BEGIN Given entries

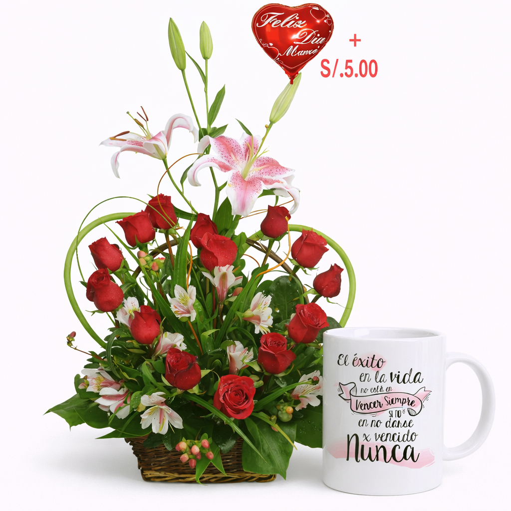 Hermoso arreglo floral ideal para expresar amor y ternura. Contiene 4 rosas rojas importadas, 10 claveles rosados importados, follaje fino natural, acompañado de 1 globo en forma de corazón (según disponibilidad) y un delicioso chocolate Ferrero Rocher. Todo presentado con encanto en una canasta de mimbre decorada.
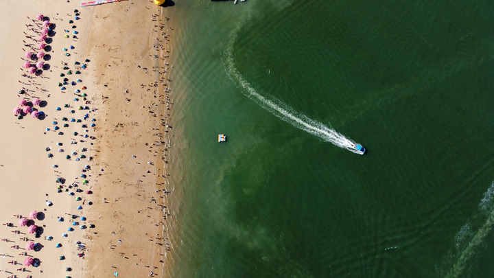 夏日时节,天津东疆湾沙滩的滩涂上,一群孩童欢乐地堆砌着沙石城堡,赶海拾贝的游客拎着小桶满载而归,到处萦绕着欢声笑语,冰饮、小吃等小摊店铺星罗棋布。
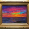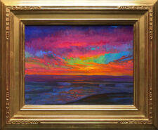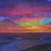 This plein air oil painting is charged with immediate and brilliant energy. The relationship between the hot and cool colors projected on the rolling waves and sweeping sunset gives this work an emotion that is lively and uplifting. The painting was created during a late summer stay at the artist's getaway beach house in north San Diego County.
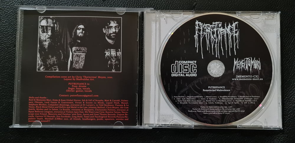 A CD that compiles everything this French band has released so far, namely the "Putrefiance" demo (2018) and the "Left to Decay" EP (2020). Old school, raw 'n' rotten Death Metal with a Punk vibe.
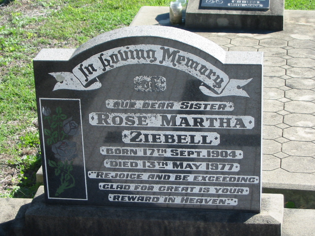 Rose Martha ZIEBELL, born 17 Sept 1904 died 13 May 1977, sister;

END Given entries

• [Task to carry out]: Retype only the lines above from the one with "This plein air" through the one with "A CD that compiles", exactly and with both ends. Images stay out.

• [Problem solution]:
 This plein air oil painting is charged with immediate and brilliant energy. The relationship between the hot and cool colors projected on the rolling waves and sweeping sunset gives this work an emotion that is lively and uplifting. The painting was created during a late summer stay at the artist's getaway beach house in north San Diego County.
 A CD that compiles everything this French band has released so far, namely the "Putrefiance" demo (2018) and the "Left to Decay" EP (2020). Old school, raw 'n' rotten Death Metal with a Punk vibe.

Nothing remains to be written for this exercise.